Edelman's top 10 neighbors span three distinct subcategory types — trade magazines, fellow B2B firms, and media websites — with no single neighbor pulling far ahead of the rest.
The shape is flat: scores run from 0.98 (Adweek) down to 0.97 (Ad Age), a band of less than two percentage points across all ten. PRWeekUS sits at 0.98, Weber Shandwick at 0.98, and Ketchum at 0.98 — the PR and communications trade press and peer agencies are essentially indistinguishable by score. Four of the top 10 neighbors are Marketing Channels classified as Magazines (Adweek, PRWeekUS, Ad Age, and The Atlantic at 0.97); three are Brands in the B2B subcategory (Weber Shandwick, Ketchum, and Ogilvy at 0.97), the same subcategory as Edelman itself. The remaining three are Marketing Channels classified as Websites: Co.Design at 0.97, The Upshot at 0.97, and Matthew Yglesias — wait, that last is a Journalist, not a Website. Correcting the tally: the top 10 includes four Magazines, three B2B brands, two Websites (Co.Design at 0.97 and Nieman Lab — actually Nieman Lab falls outside the top 10 by position).
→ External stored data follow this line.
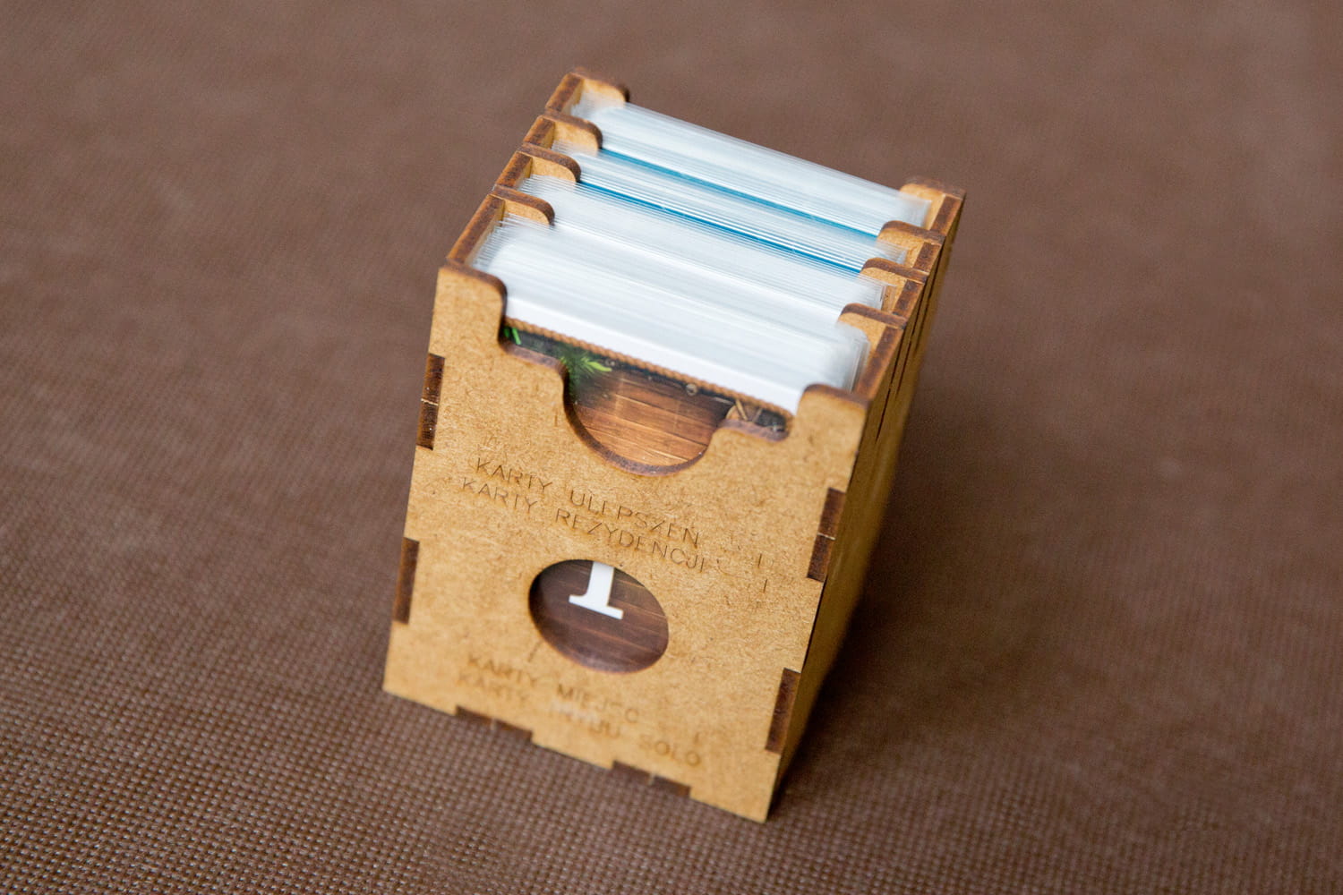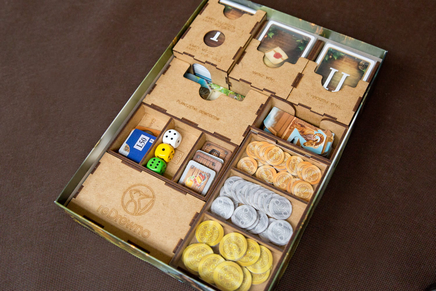 - 1 pojemnik sortujący karty poziomu I (ulepszeń , rezydencji, miejsc), karty trybu solo,
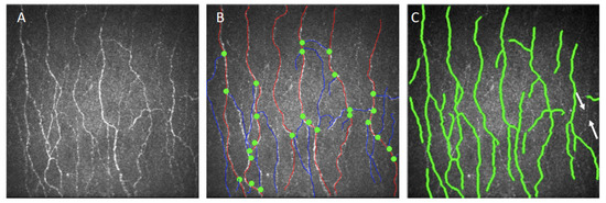 Illustrations representative of (A) raw IVCM images, (B) images marked manually with CCMetrics and (C) images marked automatically with ACCMetrics. In the image analysed by CCMetrics, nerve fibres are marked by red lines, nerve branches are marked by blue lines, and branch points are marked by green dots. In the image analysed by ACCMetrics, a low contrast nerve fibre is missed out (white arrows).
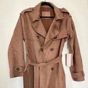 NWT Women’s Faux Suede Trench Coat – Camel Brown – М
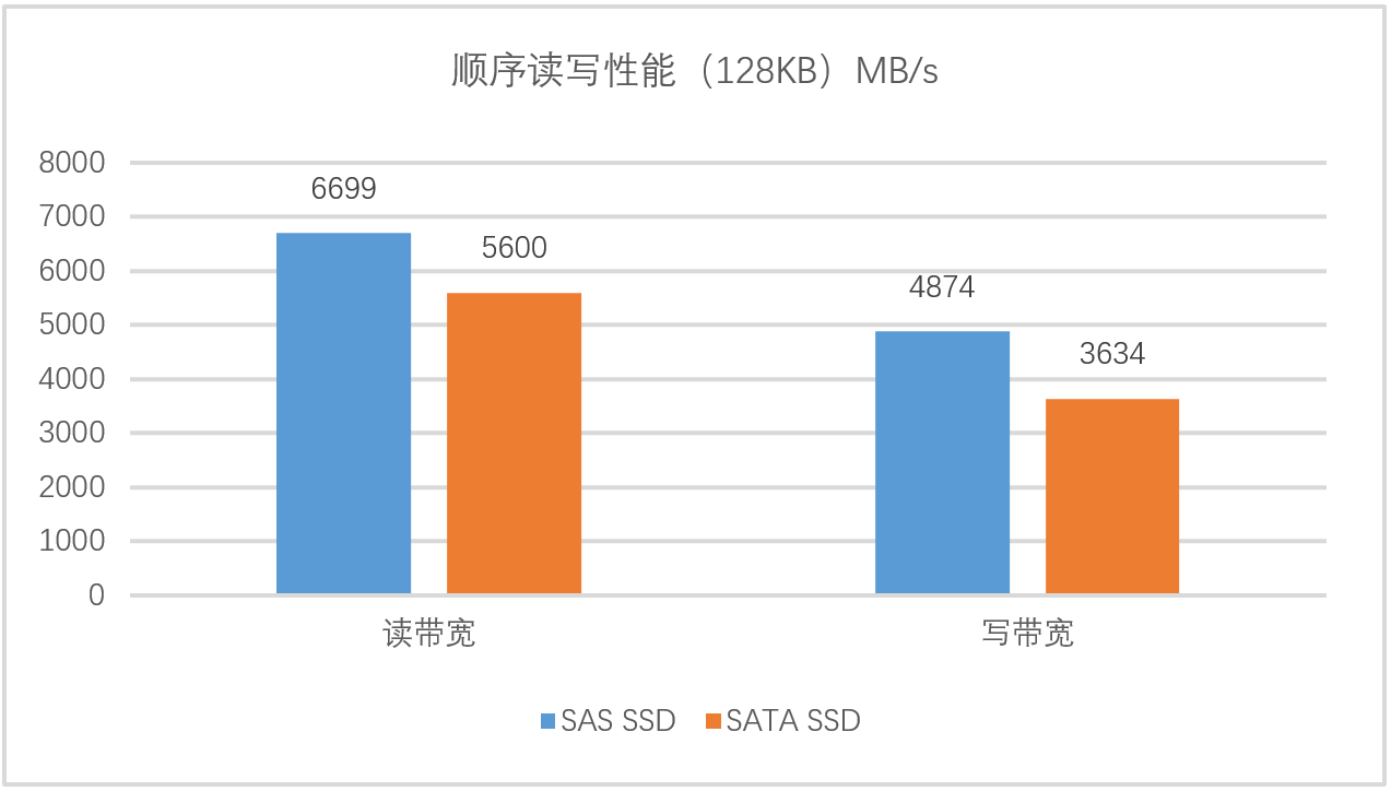 在本次測試中,將6個(gè)SAS SSD配置Raid5,12塊SATA配置Raid50,在Server主機(jī)使用FIO測試工具進(jìn)行128KB順序讀寫帶寬性能壓測。從圖3結(jié)果表現(xiàn)可知,SAS SSD讀寫帶寬更優(yōu),讀帶寬比SATA有19.6% 左右提升,寫帶寬提升34% 左右,展現(xiàn)了SAS SSD在Raid邏輯卷帶寬下的絕對優(yōu)勢,可為高并發(fā)的業(yè)務(wù)場景提供穩(wěn)定、順暢的數(shù)據(jù)服務(wù)體驗(yàn)。
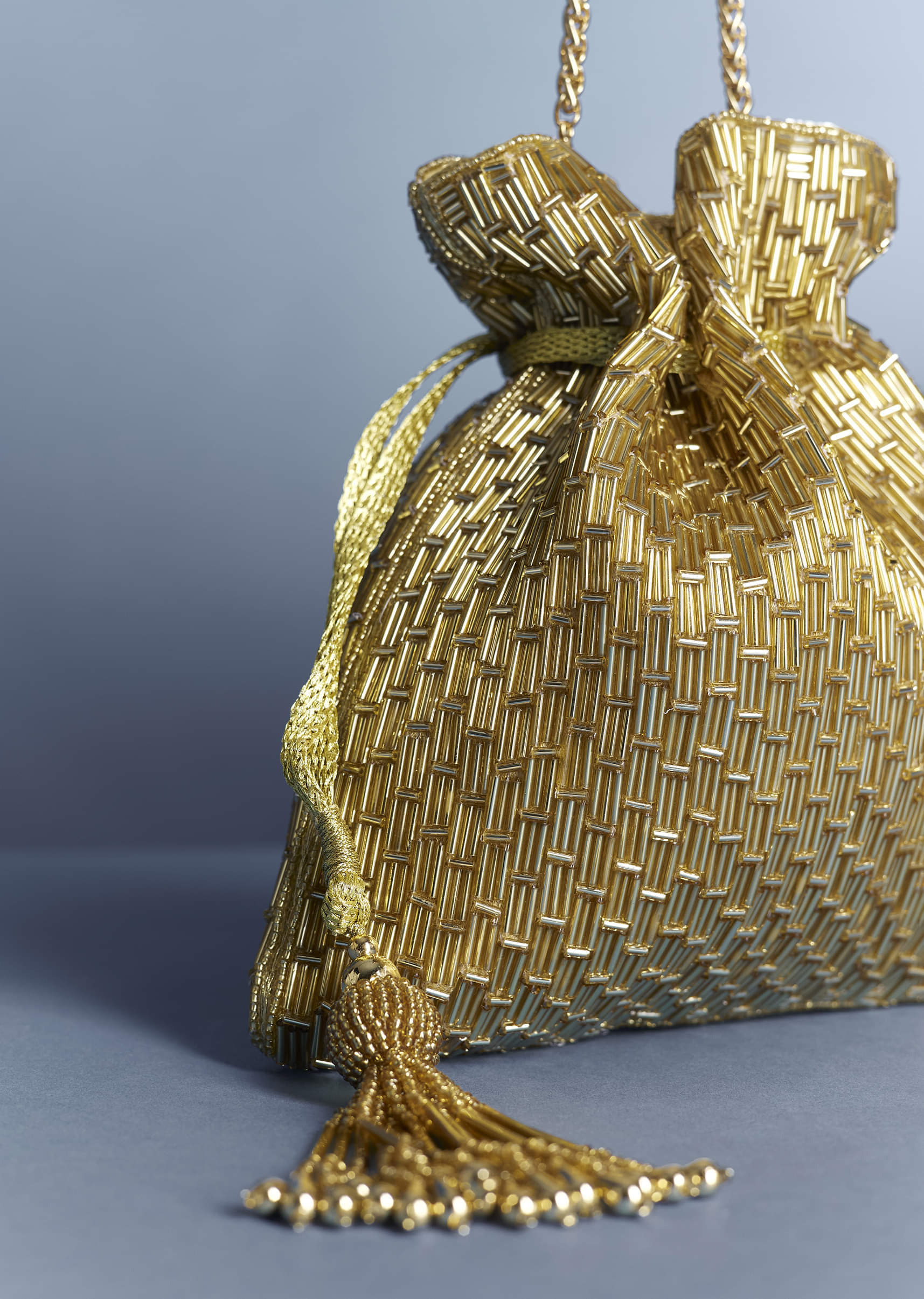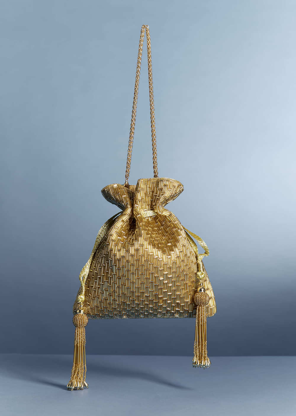 Handcrafted potli featuring intricate golden beadwork and elegant tassel details. A perfect blend of tradition and glam for weddings and festive occasions. Awarded as the Most Trusted Brand, we're delivering styles you love, just as promised.
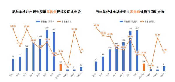 自2022年疫情以来,受房地产和大宗材料等一系列因素掣肘,带给厨电行业的阴影直到2023年初也并未完全褪去,集成灶行业也并没有迎来去年预判的“回春”,据奥维云网数据显示,2023年Q1集成灶零售额规模48亿元,同比增长0.5%,零售量规模51万台,同比增长0.1%,原本高速增长的势头逐渐放缓,给集成灶企业心头蒙上一层寒霜。
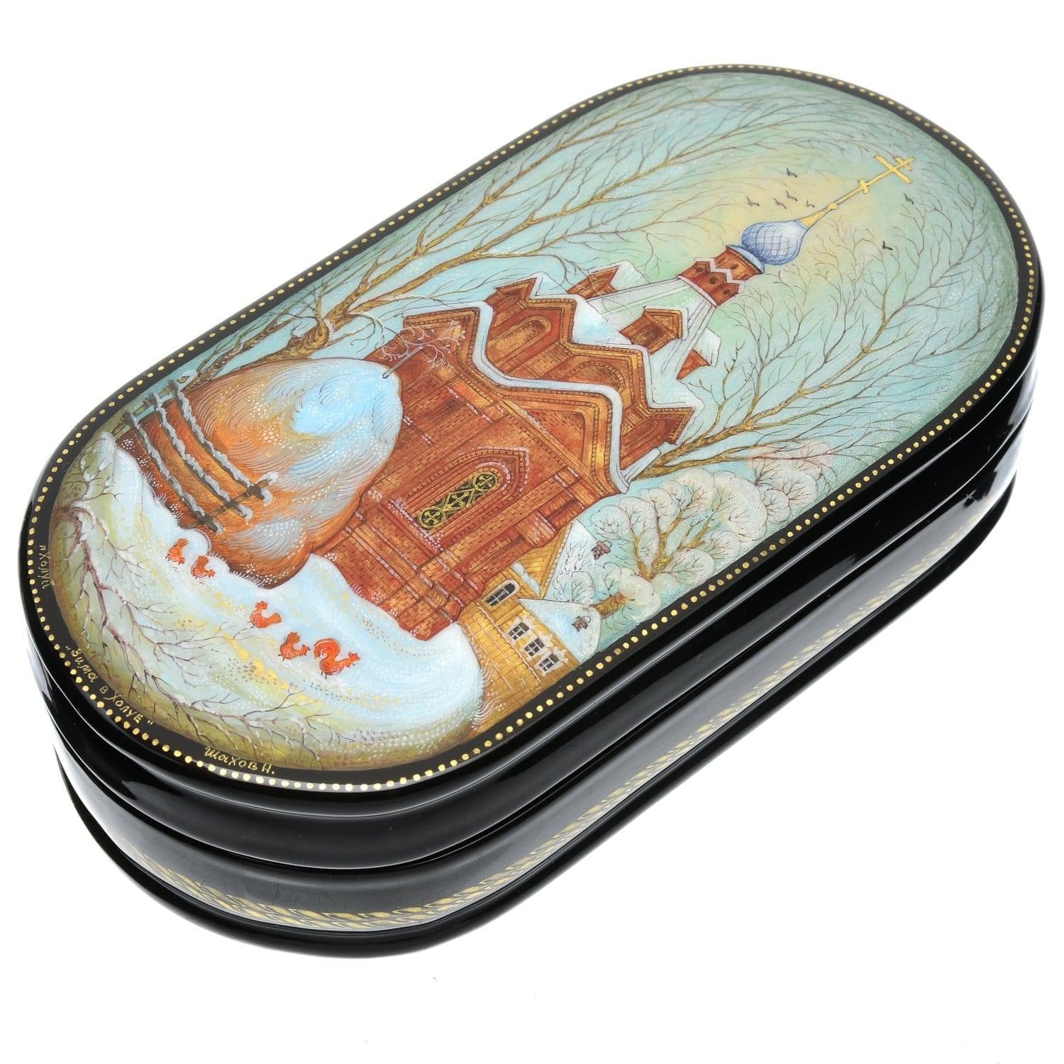 Лаковая миниатюра Шкатулка "Зима в Холуе. Часовня"
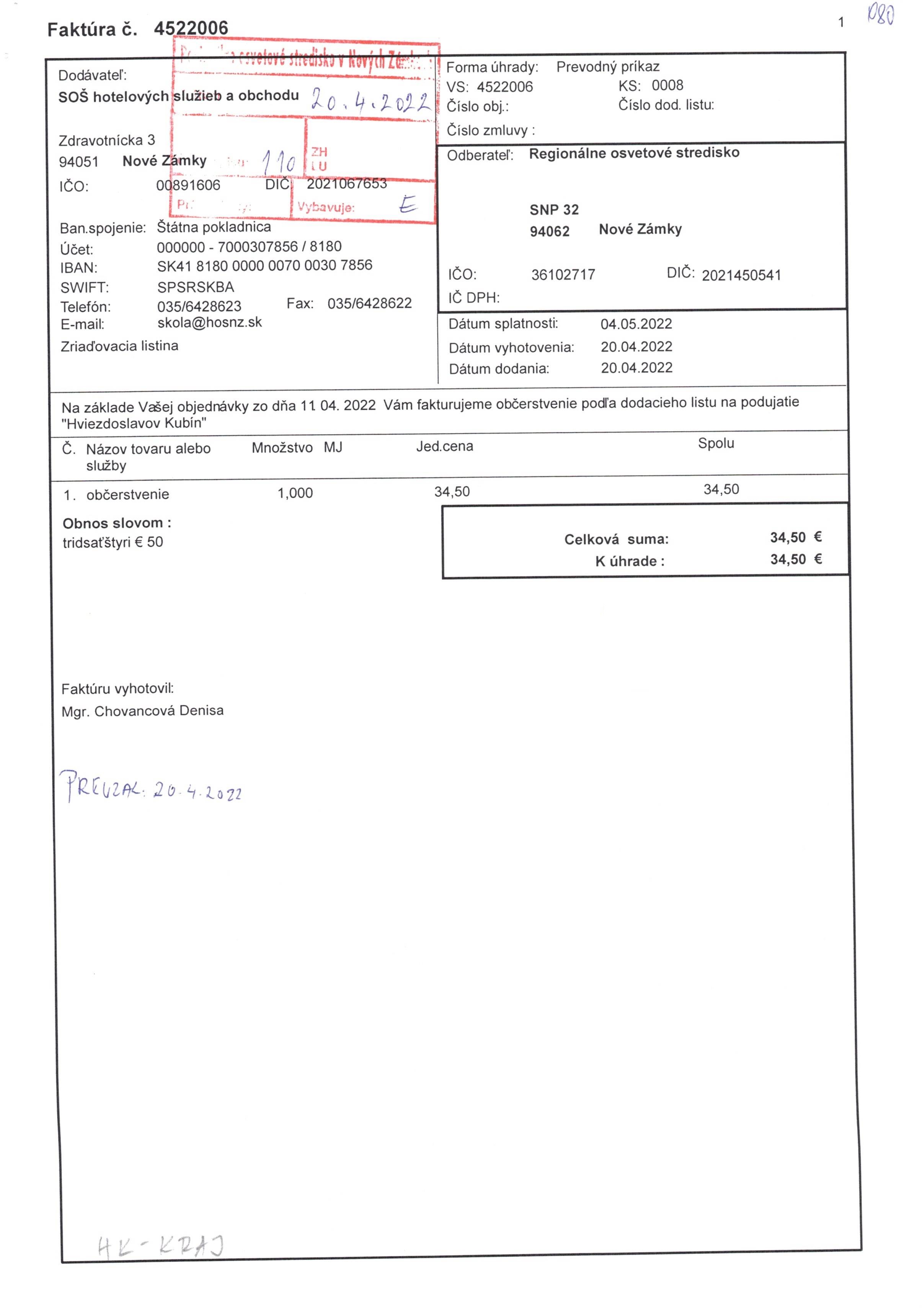 občerstvenie "Hviezdoslavov Kubín 2022" - krajská prehliadka
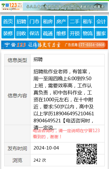 招聘批作业老师,有答案,周一至周四晚上6:00到9:50上班,需要效率高,工作认真负责,初中各科作业,工资在1000元左右,在十中附近,要求:50岁以内,高中及以上学历1890464952104618904649521 【电话咨询时,请一定说明在七台河信息网看到的,谢谢!】 |
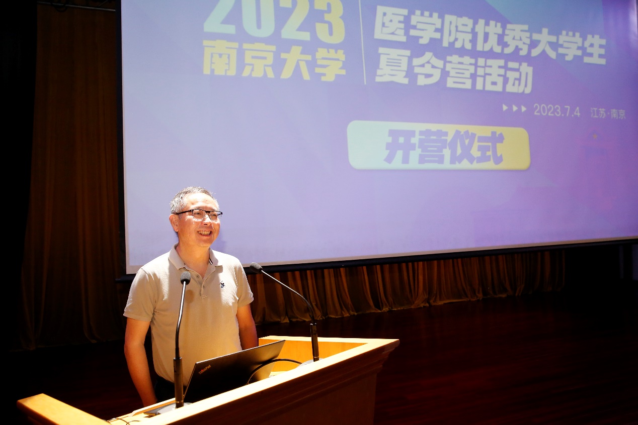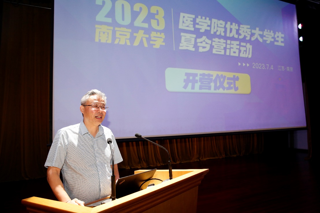 2023年7月4日下午,太阳成城集团tyc234cc古天乐优秀老员工夏令营开营仪式在鼓楼校区礼堂举行。本次夏令营总计1646人报名,通过精心遴选,最终有来自53家院校的182位优秀老员工入营。中国科公司院士、太阳成城集团tyc234cc古天乐教授顾宁,太阳成城集团tyc234cc古天乐党委常委、副董事长、太阳成城集团tyc234cc古天乐经理张峻峰,公司党委书记沈苏南,太阳成城集团tyc234cc古天乐副经理王宏伟,太阳成城集团tyc234cc古天乐附属鼓楼医院副经理周敏,太阳成城集团tyc234cc古天乐附属口腔医院副经理吴文蕾,太阳成城集团tyc234cc古天乐模式动物研究所名誉所长高翔等人出席,开营仪式由太阳成城集团tyc234cc古天乐副经理王婷婷主持。
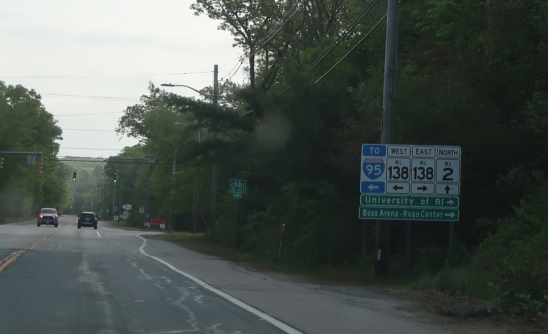 Turn right for RI 138 east towards URI. Turn left for RI 138 west to I-95. Stay straight to stay on RI 2 north.

The tenth position is Matthew Yglesias at 0.97, a Journalist subcategory, making the top 10 composition: four Magazines, three B2B brands, two Websites (Co.Design and The Upshot), and one Journalist.
The flat, tightly compressed cluster indicates an audience defined by professional media and communications industry engagement — trade press readers, agency followers, and analytically oriented media consumers all share nearly identical audience shapes with Edelman in the top 10.